Unexpected collision with std::hash

I know hashing infinite number of string into 32b int must generate collision, but I expect from hashing function some nice distribution.

难道不相信这2条扼杀装置有同样的 has?

size_t hash0 = std::hash<std::string>()("generated_id_0");
size_t hash1 = std::hash<std::string>()("generated_id_1");
//hash0 == hash1

我知道我可以使用<代码>boost:hash<std:string>。 或者说,但我想知道,std:hash有什么错误。 我用它错了吗? 是否应该用“种子”?


您使用<代码>没有错误:hash。 问题在于专业领域:hash<std:string>。 由“2010年视觉演播室”搭配的标准图书馆执行所提供的材料,只需要一组说明特征,以确定散射值(主要是出于业绩原因)。 同时,具有14种特性的扼杀物的最后一个特性不属于这一组,因此,这两种扼杀都会产生同样的印数。

就我所知,这种行为符合标准,即demands,但只有以同样理由向散列函数发出多次呼吁,必须始终保持同样的价值。 然而, has碰撞的概率是最低的should。 《2010年联邦调查》的实施符合强制性规定,但未能说明任择条款。

For details, see the implementation in the header file xfunctional (starting at line 869 in my copy) and § of the C++ standard (latest public draft).

If you absolutely need a better hash function for strings, you should implement it yourself. It s actually not that hard.

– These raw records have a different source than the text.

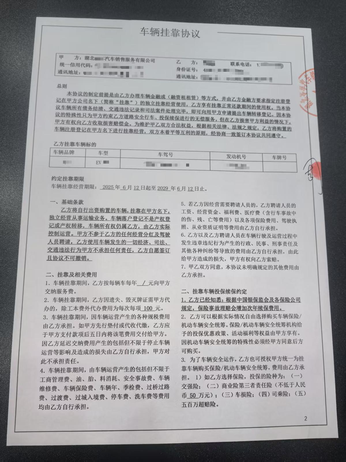 “工作人员告诉我,我还有好几万元的贷款没有还清,当时我一下子就懵了。”周先生赶忙翻出当时签订的协议仔细查看,这才发现自己签署的车辆挂靠协议中标注,该协议签订前提是乙方办理车辆金融或(融资租租赁)等方式,并由乙方金融方要求指定注册登记在甲方公司名下的独立挂靠经营使用,挂靠期限从2025年6月12日至2029年6月12日。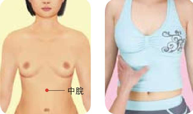 ● 按摩方法 :被按摩者仰卧,按摩者用拇指或中指点按中脘穴半分钟,然后按顺时针方向揉2分钟,以局部有酸胀感为佳。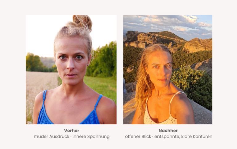 Erst durch Face Yoga sowie gezielte Faszien- und Lympharbeit veränderte sich mein Gesicht sichtbar: ein offenerer Blick, eine entspannte Stirn, klarere Konturen.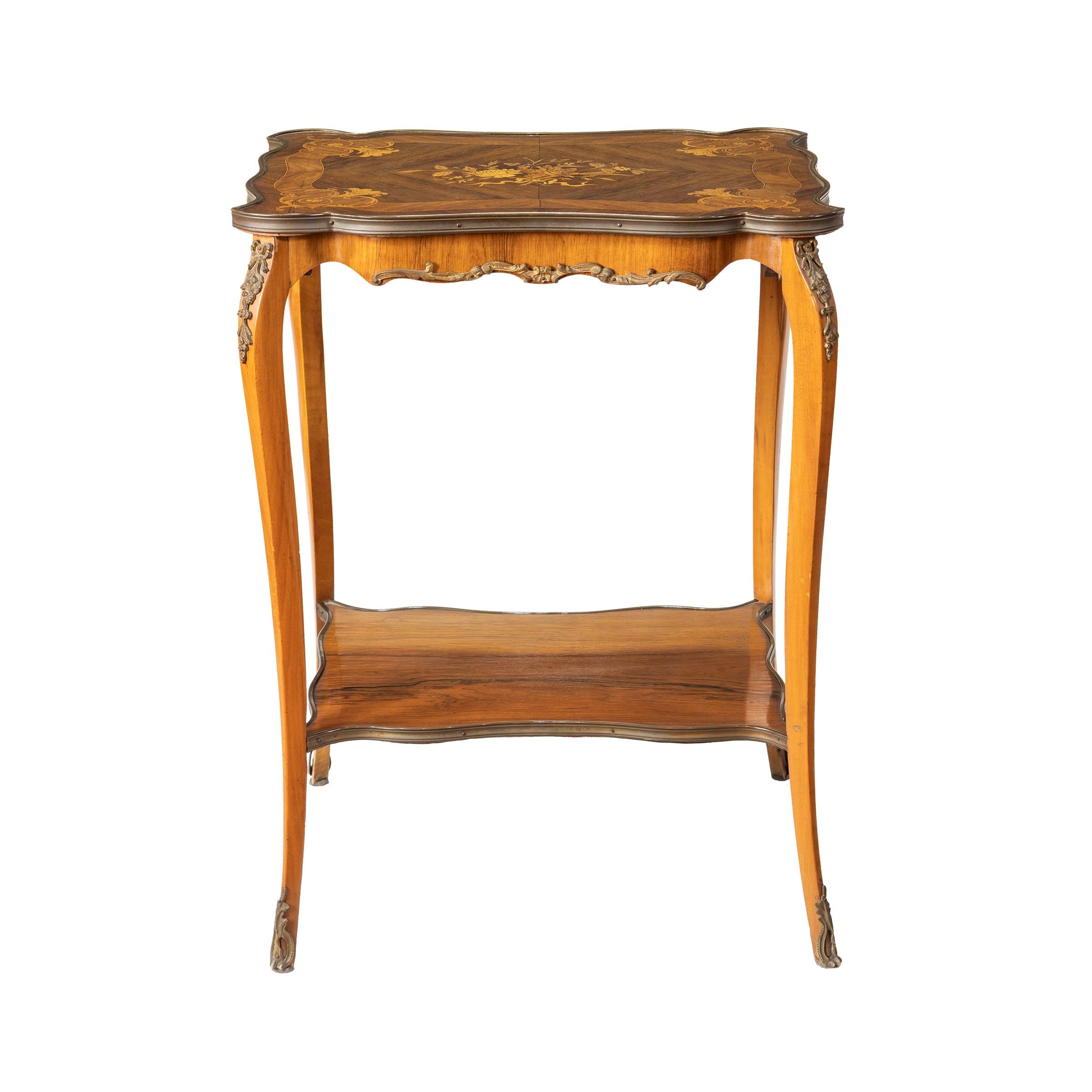 Francia, XIX - XX Sec. piano sagomato intarsiato con motivi floreali e vegetali, poggiante su sostegni sagomati riunite al centro da un ripiano, fregi in bronzo cesellato,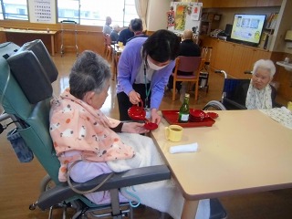 ご利用者には、お屠蘇と雑煮を召し上がっていただきました。

The exact hash algorithm isn t specified by the standard, so the results will vary. The algorithm used by VC10 doesn t seem to take all of the characters into account if the string is longer than 10 characters; it advances with an increment of 1 + s.size() / 10. This is legal, albeit from a QoI point of view, rather disappointing; such hash codes are known to perform very poorly for some typical sets of data (like URLs). I d strongly suggest you replace it with either a FNV hash or one based on a Mersenne prime:

FNV hash:

struct hash
    size_t operator()( std::string const& s ) const
        size_t result = 2166136261U ;
        std::string::const_iterator end = s.end() ;
        for ( std::string::const_iterator iter = s.begin() ;
              iter != end ;
              ++ iter ) {
            result = (16777619 * result)
                    ^ static_cast< unsigned char >( *iter ) ;
        return result ;

Mersenne prime hash:

struct hash
    size_t operator()( std::string const& s ) const
        size_t result = 2166136261U ;
        std::string::const_iterator end = s.end() ;
        for ( std::string::const_iterator iter = s.begin() ;
              iter != end ;
              ++ iter ) {
            result = 127 * result
                   + static_cast< unsigned char >( *iter ) ;
        return result ;

(The FNV hash is supposedly better, but the Mersenne prime hash will be faster on a lot of machines, because multiplying by 127 is often significantly faster than multiplying by 16777619.)

你们可能具有不同的散射价值。 我有不同的信教价值(GCC 4.5):


#include <string>
#include <iostream>
#include <functional>
int main(int argc, char** argv)
size_t hash0 = std::hash<std::string>()("generated_id_0");
size_t hash1 = std::hash<std::string>()("generated_id_1");
std::cout << hash0 << (hash0 == hash1 ? " == " : " != ") << hash1 << "
return 0;


# g++ hashtest.cpp -o hashtest -std=gnu++0x
# ./hashtest
16797002355621538189 != 16797001256109909978


The function is used in the right way and this collision could be just fortuitous.

You cannot tell whether the hashing function is not evenly distributed unless you perform a massive test with random keys.

TRI1的散射功能和最新的标准界定了像护卫这样的物品的适当超载。 当我使用以下 st子来管理这一法典时:tr1:hash(g++ 4.1.2),我对这两条str有不同的散射值。